*** Opening Data ***
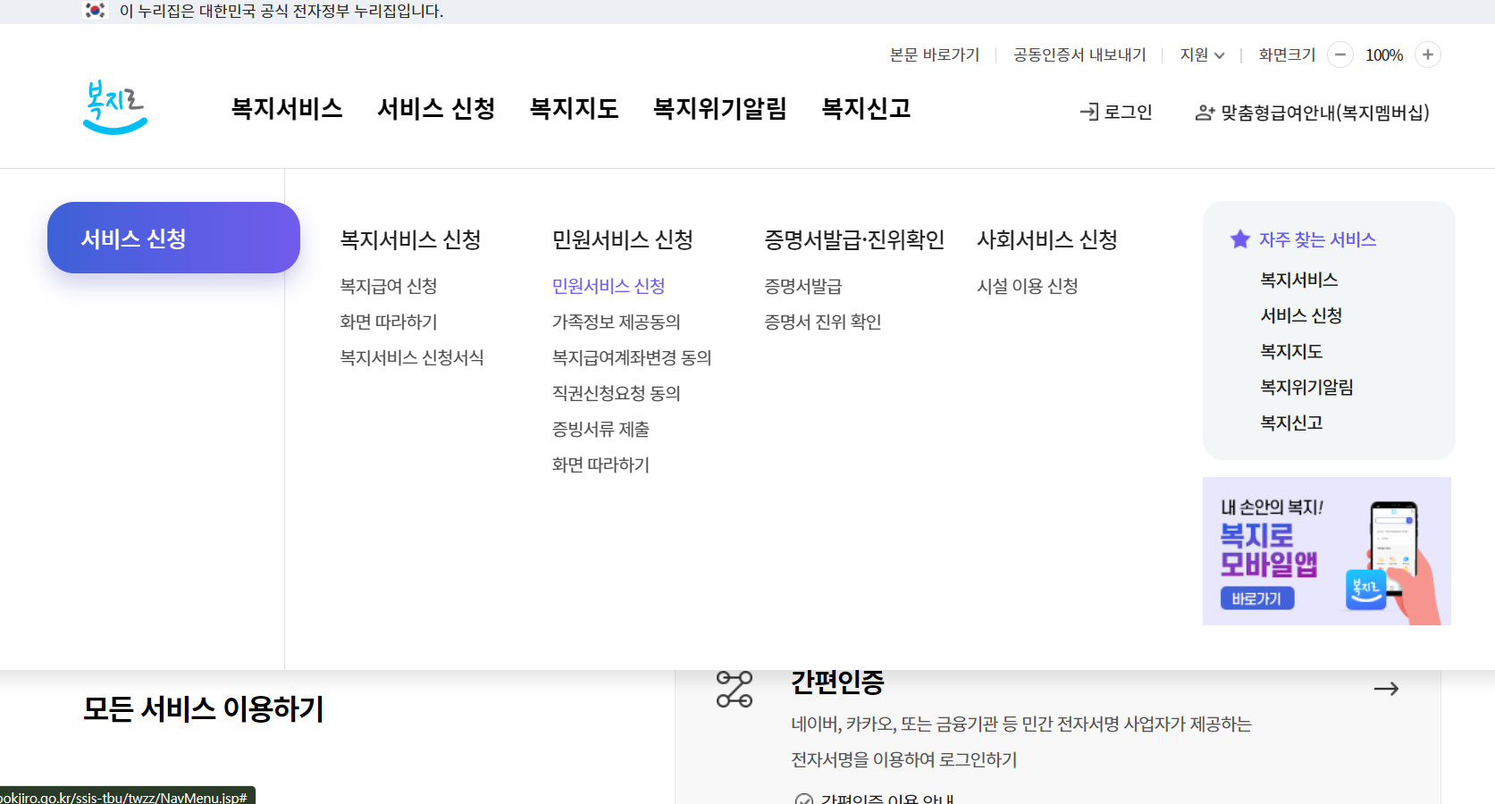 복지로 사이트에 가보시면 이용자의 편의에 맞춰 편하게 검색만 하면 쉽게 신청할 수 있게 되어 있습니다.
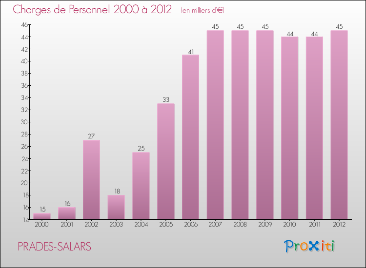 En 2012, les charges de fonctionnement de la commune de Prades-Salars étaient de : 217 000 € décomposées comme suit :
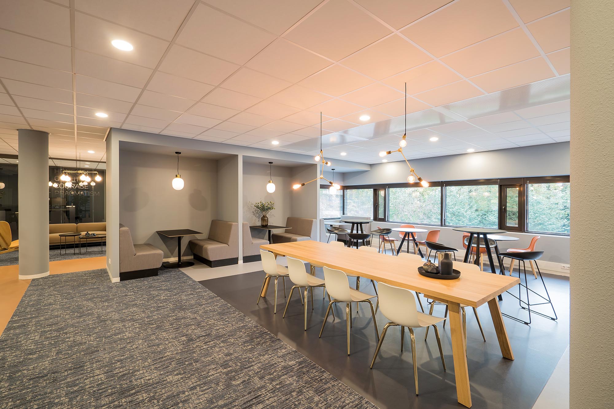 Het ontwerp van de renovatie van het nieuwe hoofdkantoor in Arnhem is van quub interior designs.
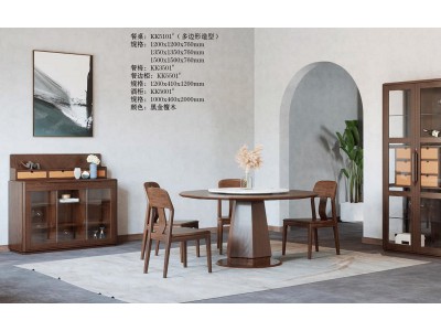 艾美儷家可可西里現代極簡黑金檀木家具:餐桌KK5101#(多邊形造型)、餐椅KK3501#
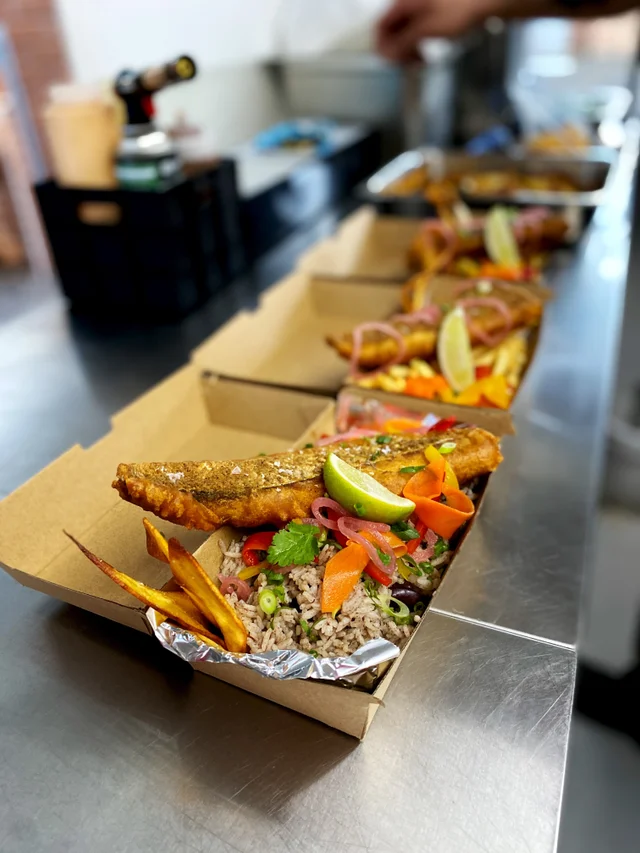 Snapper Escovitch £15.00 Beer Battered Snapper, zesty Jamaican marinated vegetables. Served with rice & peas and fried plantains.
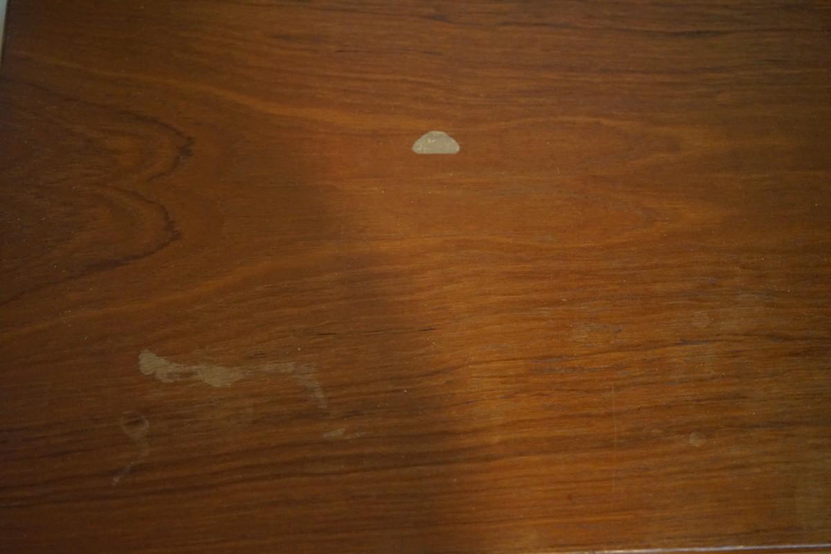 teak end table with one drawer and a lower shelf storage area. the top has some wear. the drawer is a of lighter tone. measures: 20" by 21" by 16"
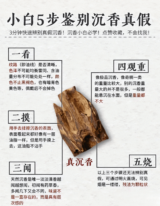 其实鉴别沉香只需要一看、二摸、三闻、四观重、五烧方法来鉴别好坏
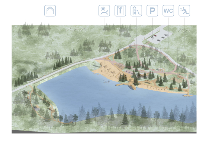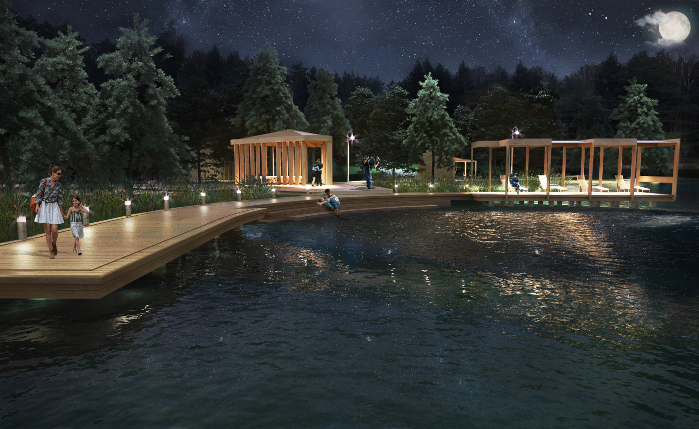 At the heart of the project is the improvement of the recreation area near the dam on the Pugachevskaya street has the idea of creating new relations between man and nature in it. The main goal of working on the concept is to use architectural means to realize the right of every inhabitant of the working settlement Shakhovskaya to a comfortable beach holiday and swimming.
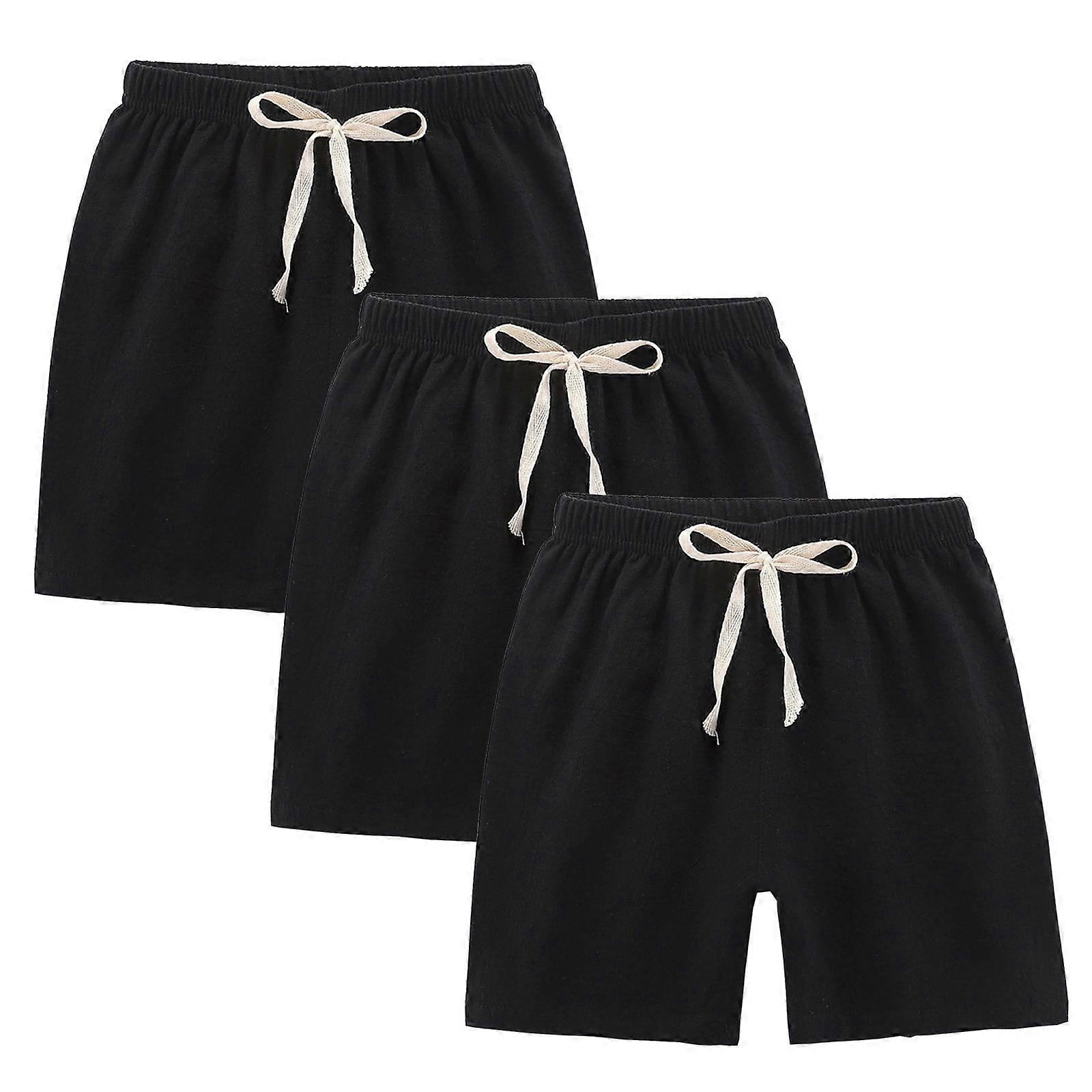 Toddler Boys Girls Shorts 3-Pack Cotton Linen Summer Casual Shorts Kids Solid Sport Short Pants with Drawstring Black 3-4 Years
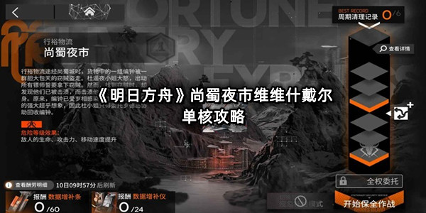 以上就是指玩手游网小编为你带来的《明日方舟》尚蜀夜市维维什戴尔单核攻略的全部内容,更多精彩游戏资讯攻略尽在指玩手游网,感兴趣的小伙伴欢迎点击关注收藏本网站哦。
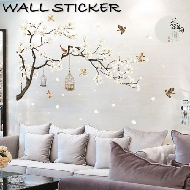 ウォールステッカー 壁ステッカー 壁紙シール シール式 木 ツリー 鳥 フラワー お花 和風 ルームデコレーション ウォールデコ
*** Closing Data ***
Task requirements = Each line of the data above must be repeated exactly, images excluded.

Reply =
 복지로 사이트에 가보시면 이용자의 편의에 맞춰 편하게 검색만 하면 쉽게 신청할 수 있게 되어 있습니다.
 En 2012, les charges de fonctionnement de la commune de Prades-Salars étaient de : 217 000 € décomposées comme suit :
 Het ontwerp van de renovatie van het nieuwe hoofdkantoor in Arnhem is van quub interior designs.
 艾美儷家可可西里現代極簡黑金檀木家具:餐桌KK5101#(多邊形造型)、餐椅KK3501#
 Snapper Escovitch £15.00 Beer Battered Snapper, zesty Jamaican marinated vegetables. Served with rice & peas and fried plantains.
 teak end table with one drawer and a lower shelf storage area. the top has some wear. the drawer is a of lighter tone. measures: 20" by 21" by 16"
 其实鉴别沉香只需要一看、二摸、三闻、四观重、五烧方法来鉴别好坏
 At the heart of the project is the improvement of the recreation area near the dam on the Pugachevskaya street has the idea of creating new relations between man and nature in it. The main goal of working on the concept is to use architectural means to realize the right of every inhabitant of the working settlement Shakhovskaya to a comfortable beach holiday and swimming.
 Toddler Boys Girls Shorts 3-Pack Cotton Linen Summer Casual Shorts Kids Solid Sport Short Pants with Drawstring Black 3-4 Years
 以上就是指玩手游网小编为你带来的《明日方舟》尚蜀夜市维维什戴尔单核攻略的全部内容,更多精彩游戏资讯攻略尽在指玩手游网,感兴趣的小伙伴欢迎点击关注收藏本网站哦。
 ウォールステッカー 壁ステッカー 壁紙シール シール式 木 ツリー 鳥 フラワー お花 和風 ルームデコレーション ウォールデコ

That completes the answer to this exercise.